WHAT YOU WILL DO: The line with "Διαθέσιμη ηλεκτρονικά μέσω", the line with "epa09499288 He Ji", and all lines between them in the material below: return these exactly, and no others.

DATA FOR REVIEW:

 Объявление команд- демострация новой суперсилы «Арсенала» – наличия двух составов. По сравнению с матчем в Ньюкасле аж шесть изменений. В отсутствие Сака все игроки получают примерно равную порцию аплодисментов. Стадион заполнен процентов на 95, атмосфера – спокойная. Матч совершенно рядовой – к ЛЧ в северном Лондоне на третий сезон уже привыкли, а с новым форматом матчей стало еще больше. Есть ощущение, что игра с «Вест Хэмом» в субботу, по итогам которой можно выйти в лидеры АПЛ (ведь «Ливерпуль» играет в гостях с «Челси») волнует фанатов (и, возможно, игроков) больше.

==

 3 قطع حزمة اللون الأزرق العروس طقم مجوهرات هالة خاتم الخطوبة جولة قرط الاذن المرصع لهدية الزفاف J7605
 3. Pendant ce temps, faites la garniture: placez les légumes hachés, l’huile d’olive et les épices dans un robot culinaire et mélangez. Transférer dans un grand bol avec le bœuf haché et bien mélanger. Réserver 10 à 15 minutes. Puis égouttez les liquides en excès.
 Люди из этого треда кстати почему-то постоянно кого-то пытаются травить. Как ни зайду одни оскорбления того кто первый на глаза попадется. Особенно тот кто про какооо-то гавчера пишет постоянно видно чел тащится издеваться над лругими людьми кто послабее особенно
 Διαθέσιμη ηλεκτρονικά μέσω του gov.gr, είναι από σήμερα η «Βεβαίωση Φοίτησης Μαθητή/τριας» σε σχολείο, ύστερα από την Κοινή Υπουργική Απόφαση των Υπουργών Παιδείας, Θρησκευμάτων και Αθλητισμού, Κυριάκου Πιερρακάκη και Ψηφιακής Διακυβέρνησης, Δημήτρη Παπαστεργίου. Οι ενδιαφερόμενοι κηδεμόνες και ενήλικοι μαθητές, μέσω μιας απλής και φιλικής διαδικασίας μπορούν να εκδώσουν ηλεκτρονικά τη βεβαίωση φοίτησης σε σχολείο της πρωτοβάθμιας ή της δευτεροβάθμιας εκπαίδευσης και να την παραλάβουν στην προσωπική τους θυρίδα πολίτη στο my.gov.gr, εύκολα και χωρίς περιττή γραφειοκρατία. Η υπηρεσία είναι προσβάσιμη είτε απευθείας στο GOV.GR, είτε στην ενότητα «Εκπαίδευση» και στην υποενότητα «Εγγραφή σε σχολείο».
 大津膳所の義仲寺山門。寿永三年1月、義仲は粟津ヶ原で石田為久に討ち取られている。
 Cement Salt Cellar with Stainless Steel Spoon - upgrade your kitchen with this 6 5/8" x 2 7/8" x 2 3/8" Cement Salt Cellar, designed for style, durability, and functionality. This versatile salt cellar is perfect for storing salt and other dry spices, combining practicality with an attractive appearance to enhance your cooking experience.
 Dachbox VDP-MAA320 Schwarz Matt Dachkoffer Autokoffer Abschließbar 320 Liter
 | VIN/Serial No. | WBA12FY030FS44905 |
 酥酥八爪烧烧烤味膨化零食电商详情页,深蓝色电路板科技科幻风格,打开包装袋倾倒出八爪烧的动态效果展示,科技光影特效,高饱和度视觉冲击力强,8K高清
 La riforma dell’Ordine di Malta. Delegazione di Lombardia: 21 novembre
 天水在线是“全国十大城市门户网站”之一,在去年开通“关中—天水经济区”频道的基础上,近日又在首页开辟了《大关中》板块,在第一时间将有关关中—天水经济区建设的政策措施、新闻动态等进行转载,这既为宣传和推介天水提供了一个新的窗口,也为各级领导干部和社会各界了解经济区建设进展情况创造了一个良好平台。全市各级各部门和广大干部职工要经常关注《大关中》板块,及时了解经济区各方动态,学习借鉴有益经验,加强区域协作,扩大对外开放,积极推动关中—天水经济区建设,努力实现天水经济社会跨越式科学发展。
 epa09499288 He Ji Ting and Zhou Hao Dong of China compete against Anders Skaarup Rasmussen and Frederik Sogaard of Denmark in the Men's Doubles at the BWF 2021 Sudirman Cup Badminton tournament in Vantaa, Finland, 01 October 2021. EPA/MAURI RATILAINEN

...

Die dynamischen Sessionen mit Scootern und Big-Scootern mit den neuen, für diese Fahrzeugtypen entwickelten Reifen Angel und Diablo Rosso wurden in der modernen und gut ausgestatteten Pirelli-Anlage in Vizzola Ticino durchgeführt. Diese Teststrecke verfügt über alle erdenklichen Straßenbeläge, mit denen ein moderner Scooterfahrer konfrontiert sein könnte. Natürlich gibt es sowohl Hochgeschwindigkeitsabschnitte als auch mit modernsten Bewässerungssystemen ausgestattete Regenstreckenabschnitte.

SOLUTION TO THIS EXERCISE:
 Διαθέσιμη ηλεκτρονικά μέσω του gov.gr, είναι από σήμερα η «Βεβαίωση Φοίτησης Μαθητή/τριας» σε σχολείο, ύστερα από την Κοινή Υπουργική Απόφαση των Υπουργών Παιδείας, Θρησκευμάτων και Αθλητισμού, Κυριάκου Πιερρακάκη και Ψηφιακής Διακυβέρνησης, Δημήτρη Παπαστεργίου. Οι ενδιαφερόμενοι κηδεμόνες και ενήλικοι μαθητές, μέσω μιας απλής και φιλικής διαδικασίας μπορούν να εκδώσουν ηλεκτρονικά τη βεβαίωση φοίτησης σε σχολείο της πρωτοβάθμιας ή της δευτεροβάθμιας εκπαίδευσης και να την παραλάβουν στην προσωπική τους θυρίδα πολίτη στο my.gov.gr, εύκολα και χωρίς περιττή γραφειοκρατία. Η υπηρεσία είναι προσβάσιμη είτε απευθείας στο GOV.GR, είτε στην ενότητα «Εκπαίδευση» και στην υποενότητα «Εγγραφή σε σχολείο».
 大津膳所の義仲寺山門。寿永三年1月、義仲は粟津ヶ原で石田為久に討ち取られている。
 Cement Salt Cellar with Stainless Steel Spoon - upgrade your kitchen with this 6 5/8" x 2 7/8" x 2 3/8" Cement Salt Cellar, designed for style, durability, and functionality. This versatile salt cellar is perfect for storing salt and other dry spices, combining practicality with an attractive appearance to enhance your cooking experience.
 Dachbox VDP-MAA320 Schwarz Matt Dachkoffer Autokoffer Abschließbar 320 Liter
 | VIN/Serial No. | WBA12FY030FS44905 |
 酥酥八爪烧烧烤味膨化零食电商详情页,深蓝色电路板科技科幻风格,打开包装袋倾倒出八爪烧的动态效果展示,科技光影特效,高饱和度视觉冲击力强,8K高清
 La riforma dell’Ordine di Malta. Delegazione di Lombardia: 21 novembre
 天水在线是“全国十大城市门户网站”之一,在去年开通“关中—天水经济区”频道的基础上,近日又在首页开辟了《大关中》板块,在第一时间将有关关中—天水经济区建设的政策措施、新闻动态等进行转载,这既为宣传和推介天水提供了一个新的窗口,也为各级领导干部和社会各界了解经济区建设进展情况创造了一个良好平台。全市各级各部门和广大干部职工要经常关注《大关中》板块,及时了解经济区各方动态,学习借鉴有益经验,加强区域协作,扩大对外开放,积极推动关中—天水经济区建设,努力实现天水经济社会跨越式科学发展。
 epa09499288 He Ji Ting and Zhou Hao Dong of China compete against Anders Skaarup Rasmussen and Frederik Sogaard of Denmark in the Men's Doubles at the BWF 2021 Sudirman Cup Badminton tournament in Vantaa, Finland, 01 October 2021. EPA/MAURI RATILAINEN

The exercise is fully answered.